**Data listing:**

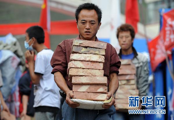 8月14日,志愿者在舟曲县三中受灾群众安置点搬运砖块。舟曲特大山洪泥石流灾害发生后,当地群众、正在放暑假的中学生、大学生组成的青年志愿者服务队,每天从事着繁重的救灾物资搬运、生活垃圾清理等抢险救灾活动。 新华社记者 王鹏 摄
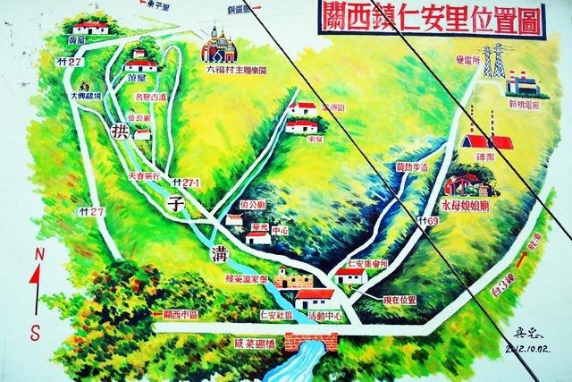 下山的時候,沿著水母娘道路而下,大約只有兩公里。在半山腰,有一個水母娘娘廟,那是仁安里的井水。以前醫藥不發達,這口井水醫治了許多人,很多人開車提了許多水桶來這裡裝水,有當地人,也有從外地專程來的,如楊梅、龍潭等等。我也拿起寶特瓶裝了井水,水一入喉便感受到此神水甘醇清涼,馬上解了一身瘴氣,神清氣爽。
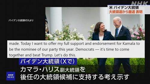 バイデン氏 とうとう 大統領選辞退 撤退 に なりましたね。
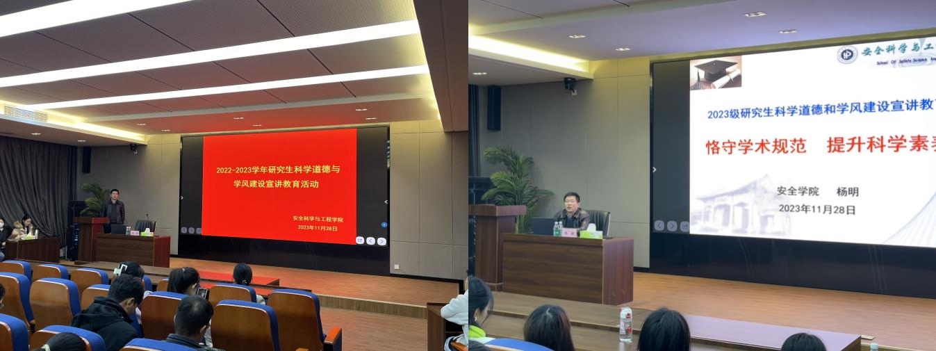 为深入贯彻落实习近平总书记在科学家座谈会上的重要讲话精神,倡导广大研究生遵守学术规范,安全学院于11月28日下午在学院101会议室召开2022-2023学年研究生科学道德与学风建设宣讲活动,邀请学院副院长杨明作“恪守学术规范,提升科学素养”主题宣讲,2023级全体研究生参加本次活动。
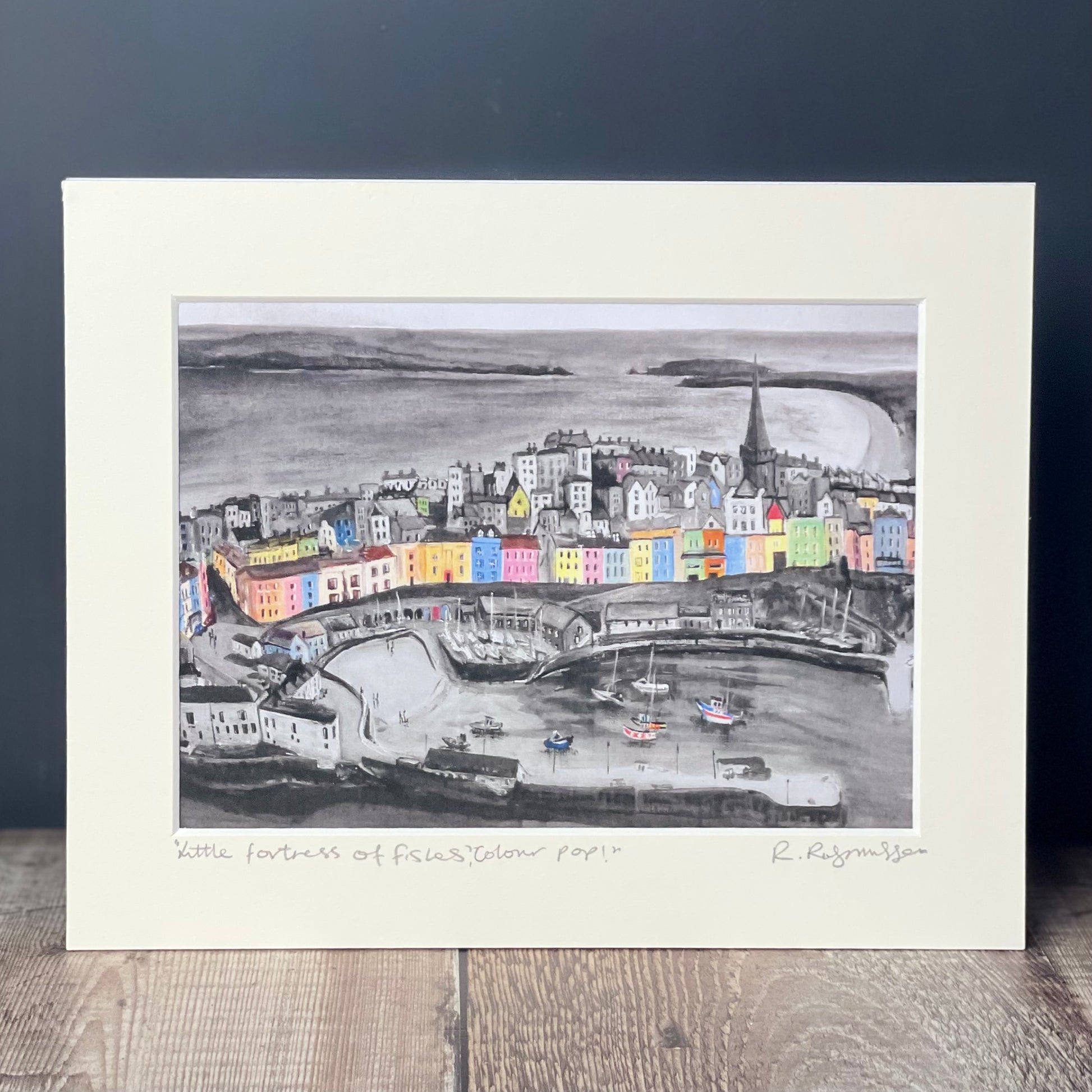 'Fortress of Fish' Pop of Colour Welsh Art Print
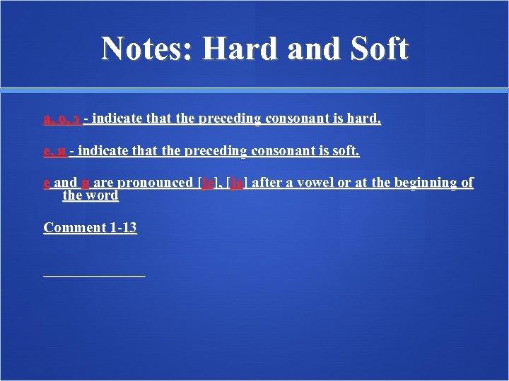 Notes: Hard and Soft а, о, э - indicate that the preceding consonant is hard. е, я - indicate that the preceding consonant is soft. е and я are pronounced [je], [ja] after a vowel or at the beginning of the word Comment 1 -13
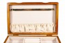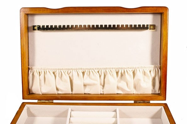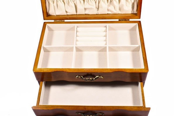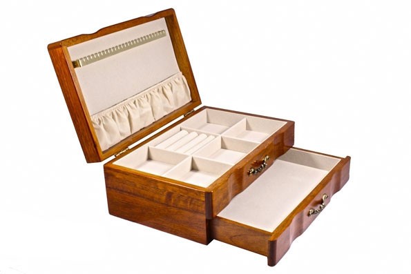 Двоярусна скринька для прикрас, виготовлена з дерева і стилізована під колір горіха, що робить її контрастним елементом, який впишеться практично в будь-який декор.
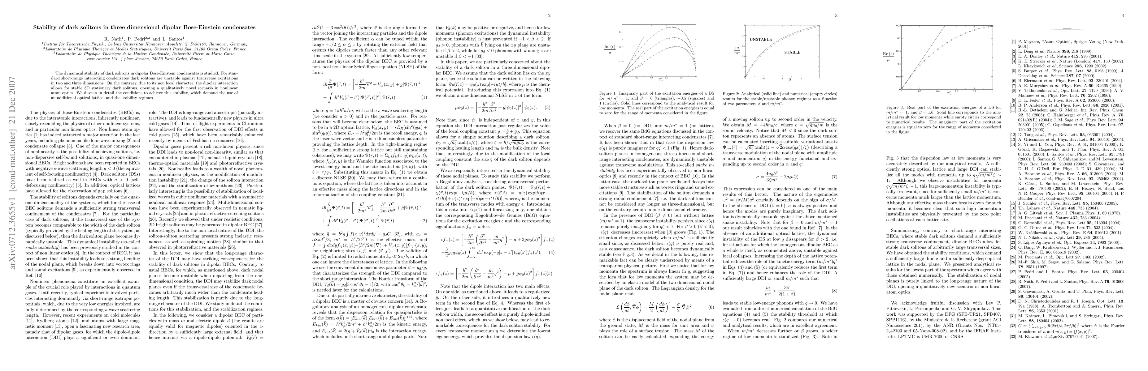 This study investigates the dynamical stability of dark solitons in three-dimensional dipolar Bose-Einstein condensates, revealing that unlike short-range interactions, dipolar interactions enable stable 3D stationary dark solitons. Achieving this stability requires an additional optical lattice, marking a new scenario in nonlinear atom optics.
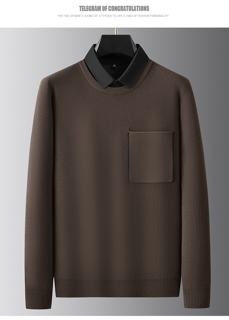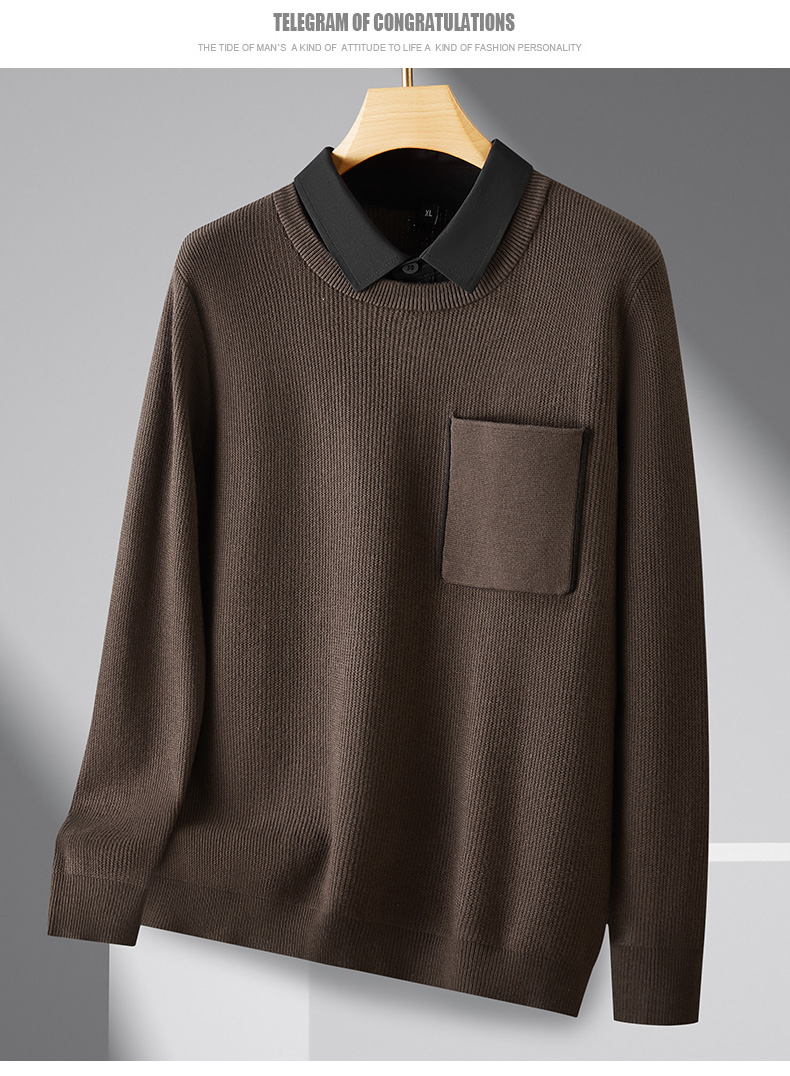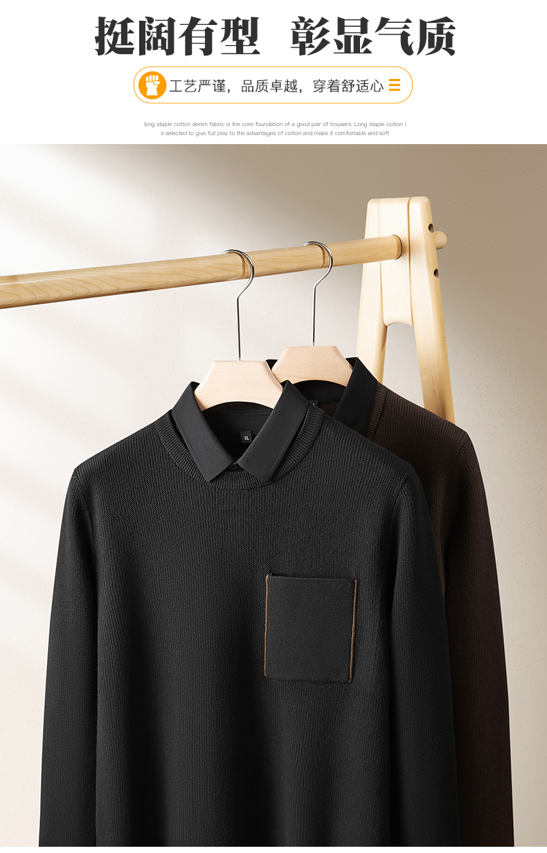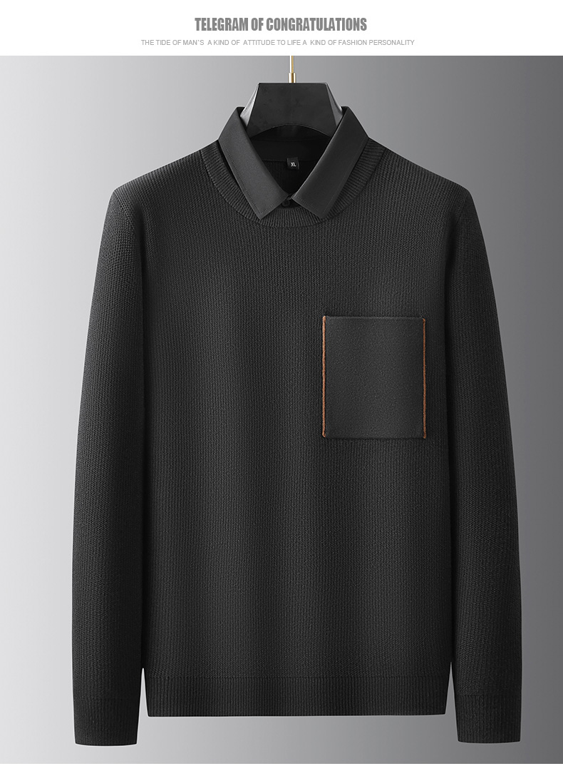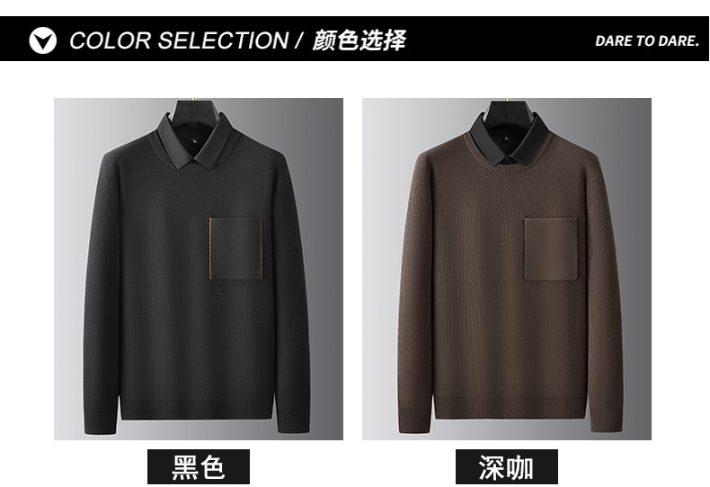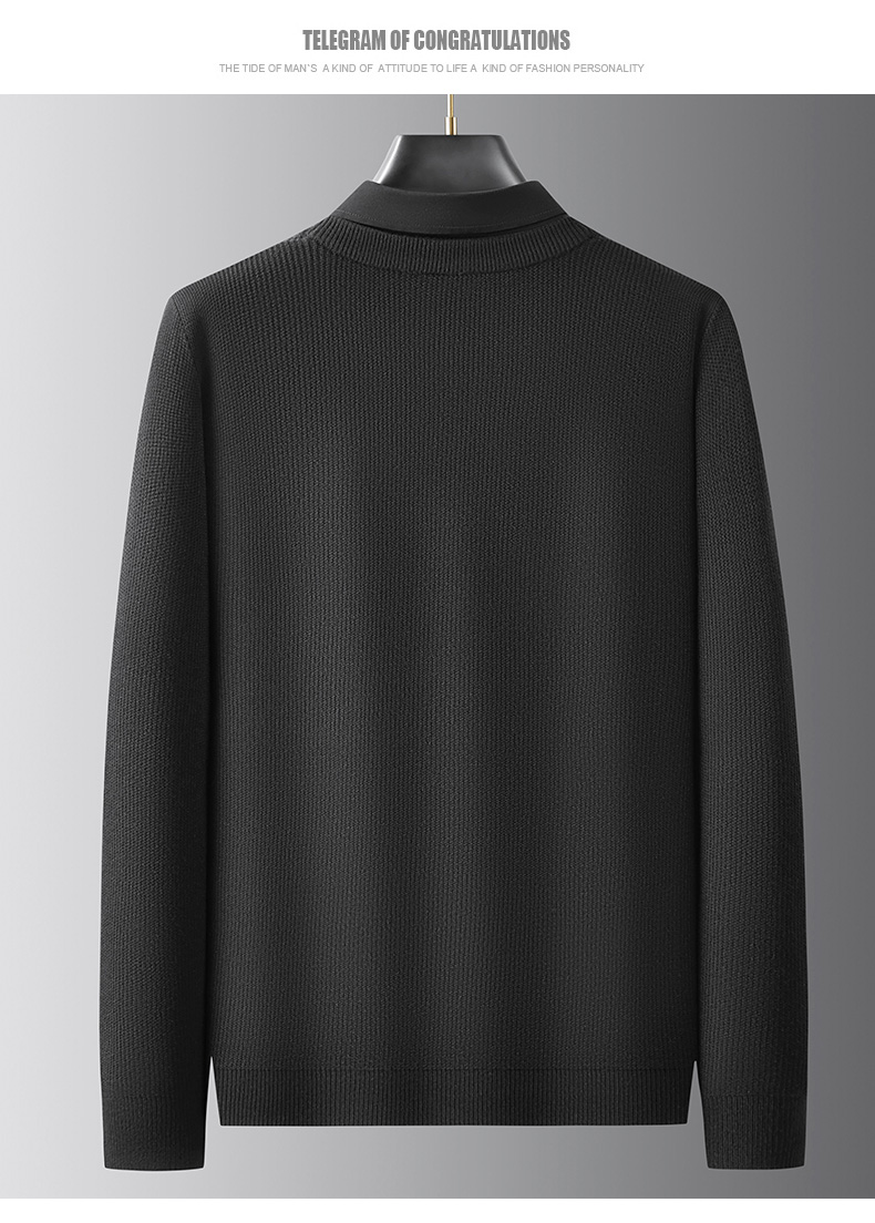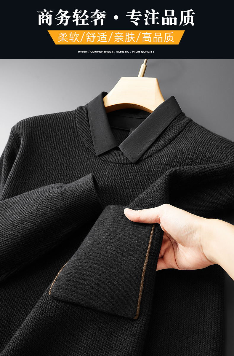 【假两件】【新款DPF】大依优型大码假两件长袖T恤毛衣衬衫领中厚款针织衫加肥加大肥佬休闲商务宽松透气上衣打底
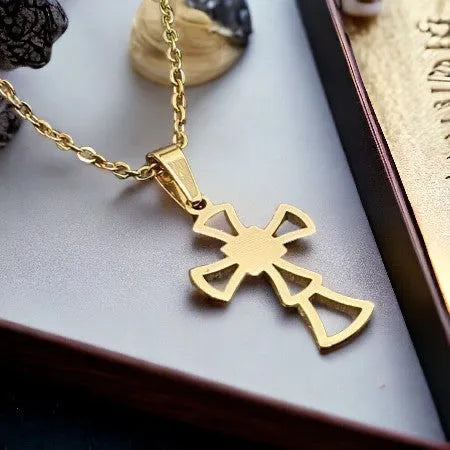 Zlatý prívesok v tvare kríža z chirurgickej ocele prívesok vyrezávaný krížik R0001

**Work order:** Return exactly what appears from the opening line of the material through the line with "バイデン氏 とうとう 大統領選辞退 撤退 に なりましたね。", apart from the pictures.

**Response area:**
 8月14日,志愿者在舟曲县三中受灾群众安置点搬运砖块。舟曲特大山洪泥石流灾害发生后,当地群众、正在放暑假的中学生、大学生组成的青年志愿者服务队,每天从事着繁重的救灾物资搬运、生活垃圾清理等抢险救灾活动。 新华社记者 王鹏 摄
 下山的時候,沿著水母娘道路而下,大約只有兩公里。在半山腰,有一個水母娘娘廟,那是仁安里的井水。以前醫藥不發達,這口井水醫治了許多人,很多人開車提了許多水桶來這裡裝水,有當地人,也有從外地專程來的,如楊梅、龍潭等等。我也拿起寶特瓶裝了井水,水一入喉便感受到此神水甘醇清涼,馬上解了一身瘴氣,神清氣爽。
 バイデン氏 とうとう 大統領選辞退 撤退 に なりましたね。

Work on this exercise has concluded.